Personal information
- Born: March 14, 1973 (age 52) North Attleborough, Massachusetts, U.S.
- Height: 6 ft 4 in (1.93 m)
- Weight: 279 lb (127 kg)

Career information
- High school: North Attleborough
- College: Boston College
- NFL draft: 1996: 4th round, 119th overall pick

Career history
- New England Patriots (1996–1999); Pittsburgh Steelers (2000); New England Patriots (2001);

Awards and highlights
- Super Bowl champion (XXXVI);

Career NFL statistics
- Tackles: 109
- Sacks: 3.0
- Fumble recoveries: 3
- Stats at Pro Football Reference

= Chris Sullivan (American football) =

American football player (born 1973)

Christopher Patrick Sullivan (born March 14, 1973) is an American former professional football player who was a defensive lineman for the New England Patriots and Pittsburgh Steelers of the National Football League (NFL). He played college football for the Boston College Eagles and was selected 119th overall in the fourth round of the 1996 NFL draft. After retiring following the 2002 season, Sullivan was arrested in 2005 in Attleboro, Massachusetts and charged with driving under the influence of drugs, possession of heroin with intent to distribute, illegal possession of a prescription drug, disorderly conduct, and driving to endanger.

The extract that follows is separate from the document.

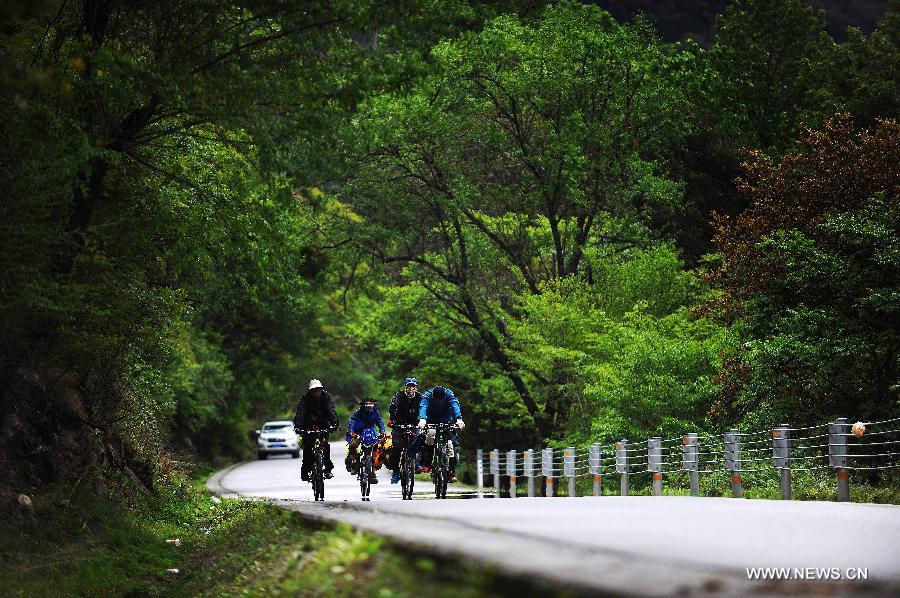 Four cyclists ride along the Sichuan-Tibet Highway in Bomi County, southwest China's Tibet Autonomous Region, May 25, 2014. The scenery along the Sichuan-Tibet Highway, including glaciers, snow mountains, primeval forests, grasslands, canyons and rivers, attracts more and more cyclists to challenge themselves as well as enjoy the beauty. (Xinhua/Wen Tao)

In 2008, two weeks after becoming sober, Sullivan attended a parents' night at a local school. The topic of the night was drugs, as Kathi Meyer had spoken to the school earlier that day. Her daughter, Taylor, had died due to underage drinking after partying with friends, after which Kathi became an advocate for ending teen addiction.

The two fell in love after this night and married in 2011. They now travel to schools across the East Coast speaking about alcoholism and addiction.